I used branches and some state-change instructions to end a block, plus an arbitrary safety cap so a straight-line run doesn’t translate forever - 256 instructions.

Because the SH4 has some instructions that differ in behavior (and even validity) based on some bits in the status register, my cached interp selected each cell’s handler depending on the current FP mode. I specialized a block on the “slice”: slice = (SZ << 1) | PR, two bits out of FPSCR. A block compiled for one slice couldn’t be reused under another, so anything that changed the slice ended the block.

Storing blocks

Block lookup was the single hottest lookup in the emulator, so an std::map or std::unordered_map was out. The store was a two-level sparse page table indexed straight off the block’s physical RAM offset.

The key was the 24-bit offset of the block’s first instruction, and since SH4 RAM is 16 MB and instructions are 2-byte aligned it split cleanly in two: off >> 12 picked one of 4096 per-4KB-page slot arrays (each one lazily allocated the first time code ran on that page, so the table stayed sparse), and (off & 0xFFF) >> 1 picked the 2-byte slot within it. A lookup was two array indexes and a null check.

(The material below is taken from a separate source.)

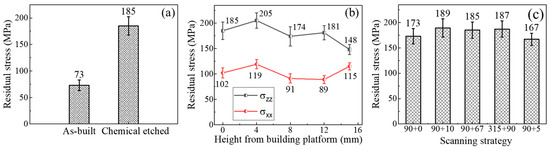 Figure 4a shows the residual stress measured using XRD before and after surface treatment at same position (red area in Figure 1b) of the same sample. Value measured on chemical-etched sample (185 ± 16 MPa) is about 2.5 times larger than that measured on as-built sample (73 ± 10 MPa). Figure 4b shows the residual stress distribution on lateral surface of the chemical etched sample. σzz increased in magnitude to a peak value of 205 ± 15 MPa at 4 mm from the building platform and then decreased until reaching a minimum of 148 ± 9 MPa at 15 mm. σxx showed a similar tendency with a maximum of 119 ± 9 MPa and a minimum of 89 ± 8 MPa, except a sharp increase in magnitude at 15 mm. Residual stresses measured on samples produced with five different scanning strategies are summarized in Figure 4c. The measured values of σzz presented a rather constant tensile stress with an average of about 180 MPa.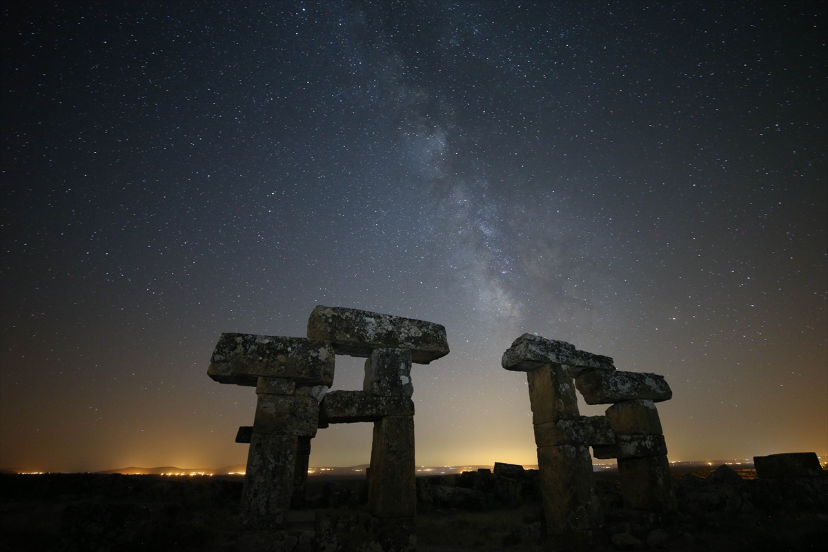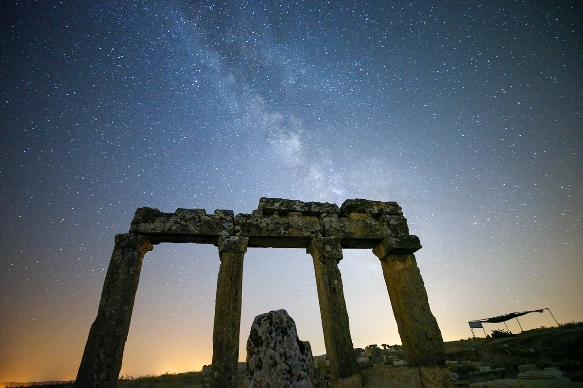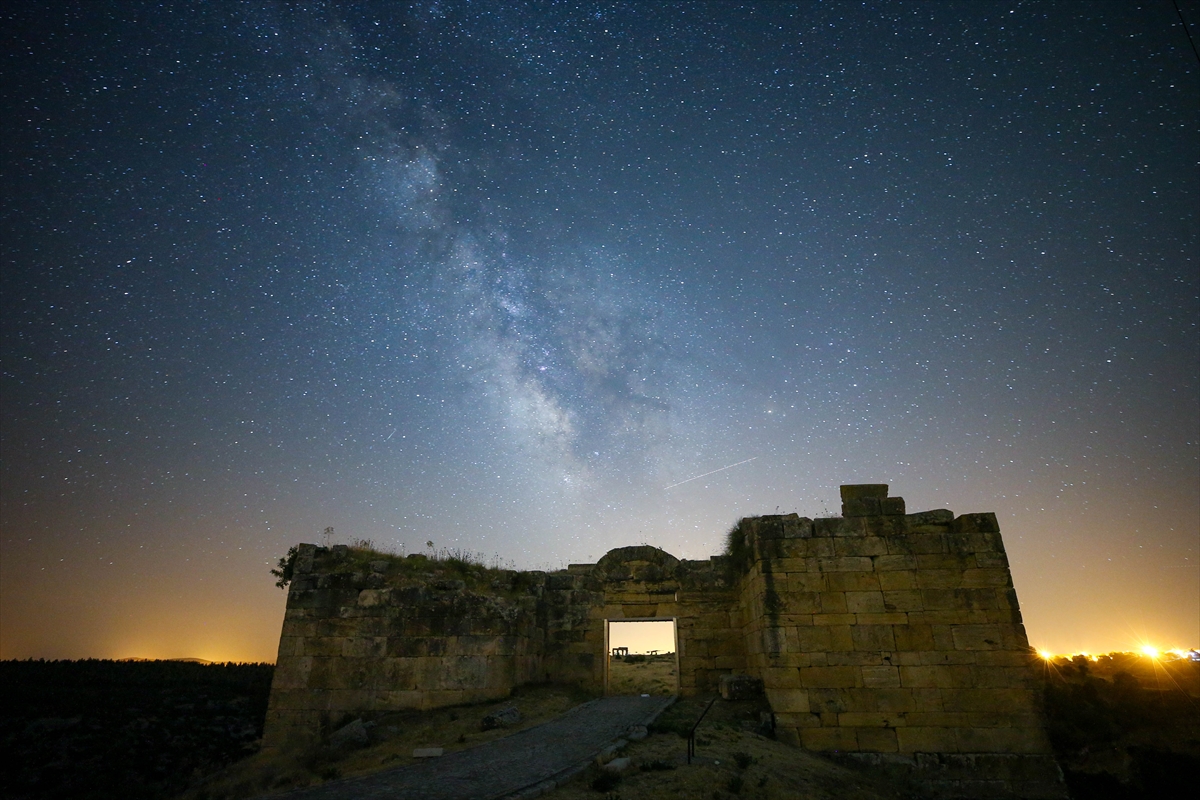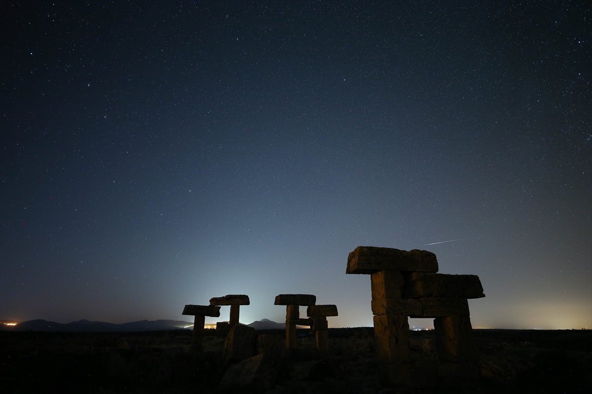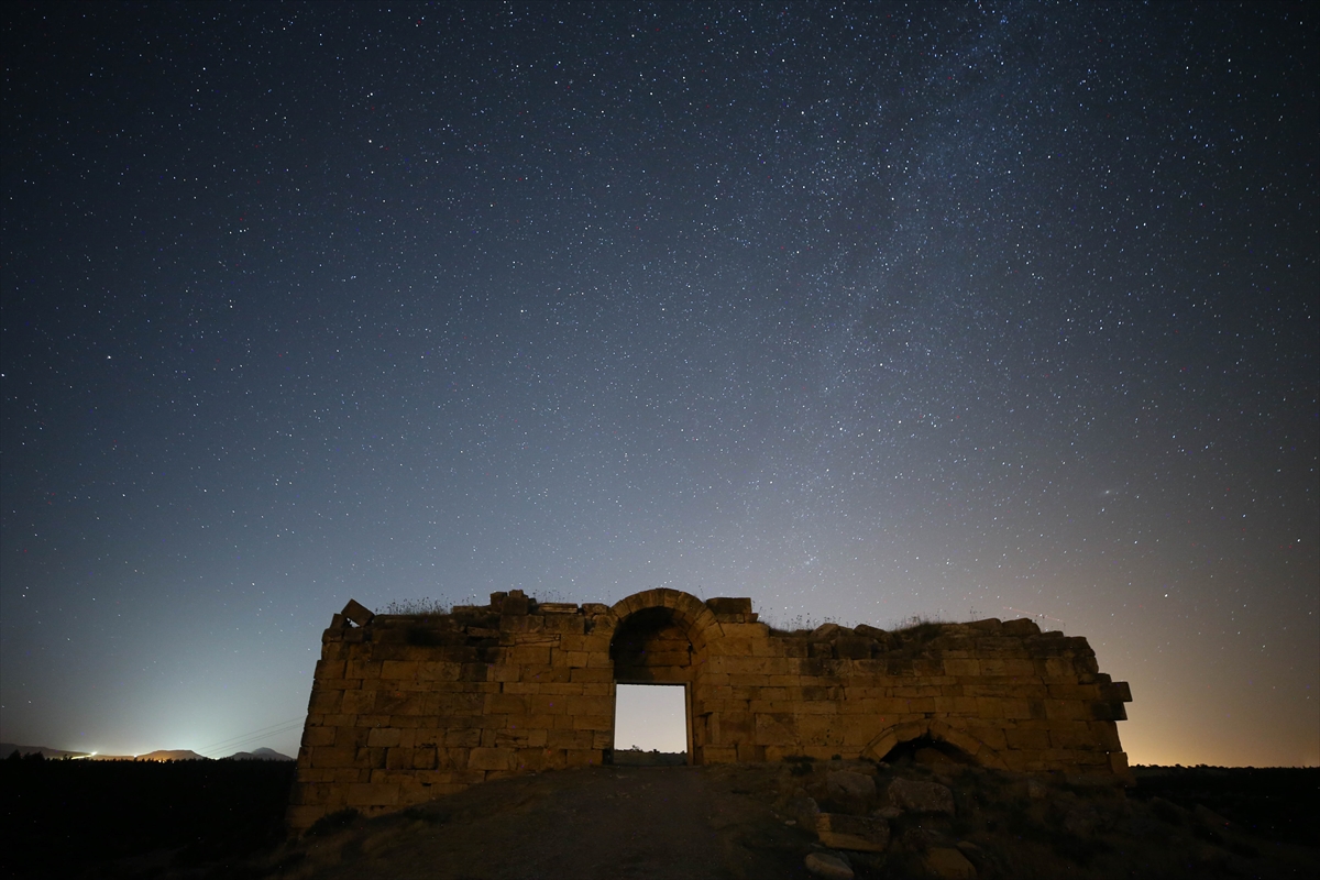 Tek girişinin olmasından dolayı doğal bir kale görümüne sahip Blaundos Antik Kenti'ndeki tarihi yapılar yıldızlarla birlikte güzel görüntü oluşturdu.

Each block was basically just a list of instructions. At first, these were just pointers to the decode table. It also included a cycle count.

Invalidating blocks

What about SMC, Self-Modifying Code? Or what about when new code is loaded and we need to invalidate the code that was replaced? I borrowed a 4K page-invalidation scheme from my NDS cached interpreter. I kept a version counter per 4K page; when I compiled a block I stamped it with the current version of the page(s) it covered, and when the CPU wrote into a page that held code I just bumped that page’s counter. At the next block lookup, get_block compared the stamped version against the page’s current one, and a mismatch meant “throw it away and recompile.”

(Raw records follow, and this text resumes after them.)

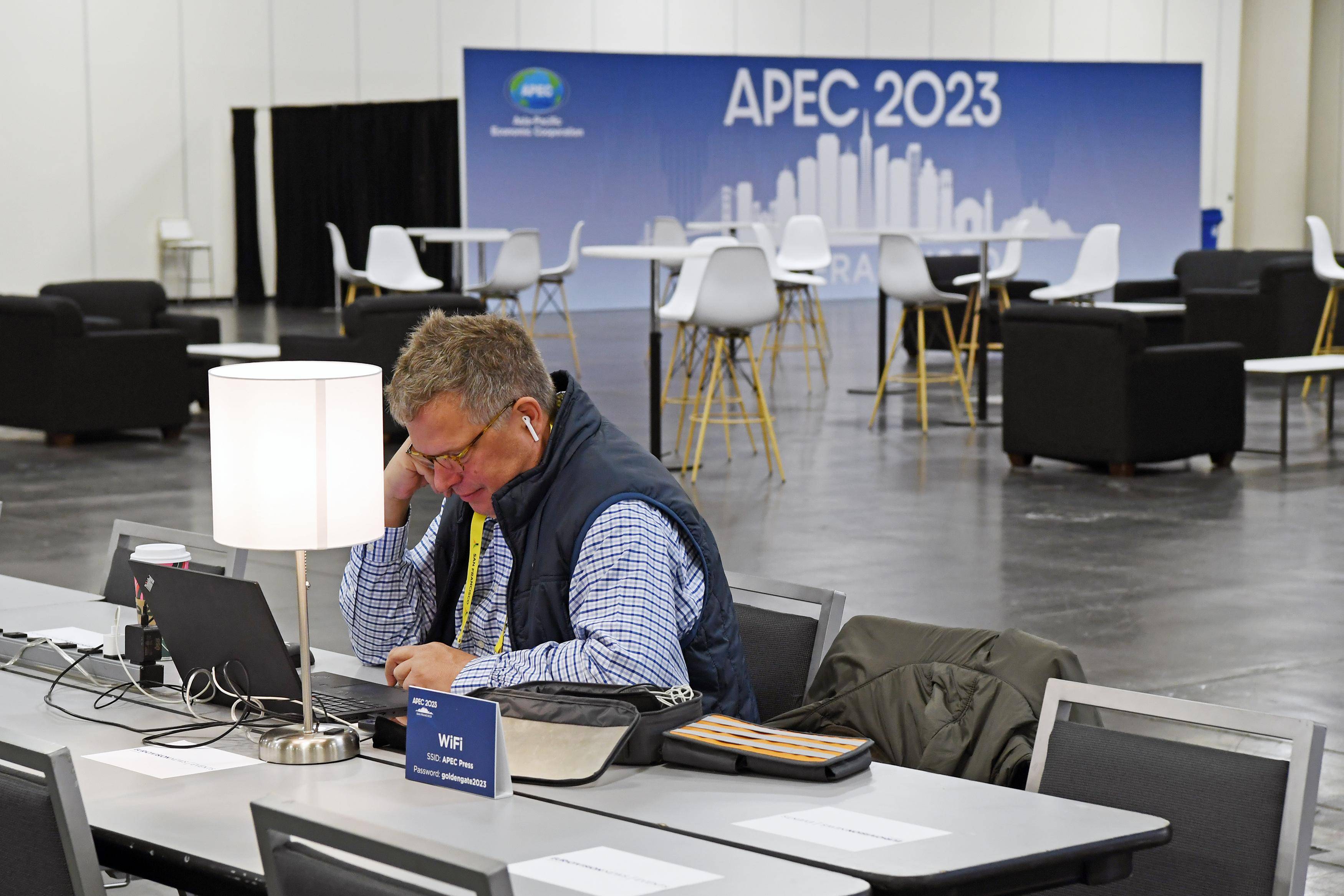 11月12日,一名记者在美国旧金山的2023年亚太经合组织会议国际媒体中心内工作。 新华社记者 李睿 摄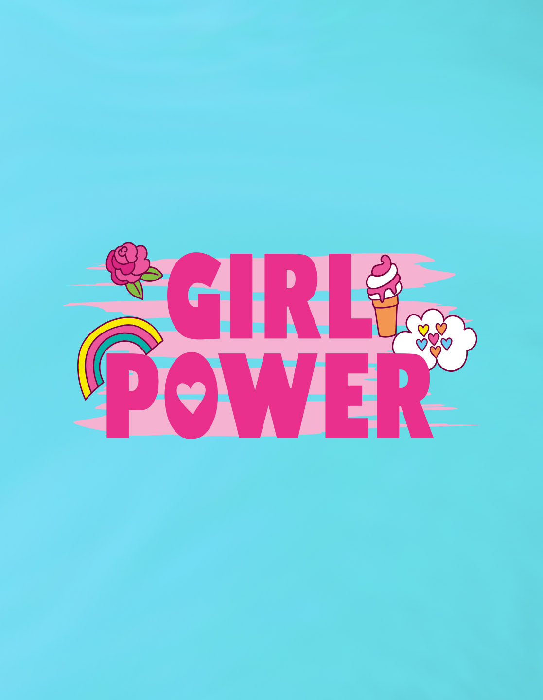 Nusyl Girls Sky Blue flower & Girl Power Text Printed Short sleeve Oversized T-shirts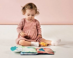 Zachte pagina's en geluidseffecten in combinatie met visuele elementen stimuleren multisensorische betrokkenheid, wat aanmoedigt tot ontdekken en leren.

That’s what made it lazy and cheap: a store into a code page was a single counter bump, and stale blocks quietly failed their version check the next time the PC reached them. However, a write anywhere in a 4K page invalidated every block on that page, even the ones the write didn’t touch. This is a mistake I rectified later.

~280 MIPS! Step 4: static dispatch

Look again at how our handler was declared:

void SH4::SH4_MOV(cell *c) { ... }

Storing a pointer to that means storing a pointer-to-member-function, which in C++ is 16 bytes, because both the object and the function are represented, 2 pointers. Worse, calling through one isn’t a plain indirect call: the compiler emits a hidden branch on the low bit of the pointer to decide “virtual thunk or direct function?” On every dispatch, on the single hottest path in the whole emulator.

So I made them into plain static functions that took the CPU as an argument explicitly:

static void SH4_MOV(SH4 *cpu, cell *c) {
    cpu->R[c->n] = cpu->R[c->m];
}

and store a plain function pointer:

void (*handler)(SH4*, cell*);   // 8 bytes, one direct call, no branch

The handler field was now 8 bytes instead of 16, and dispatch became a single indirect call with nothing in front of it. Passing cpu in cost nothing — it was pinned in a register across the whole run anyway.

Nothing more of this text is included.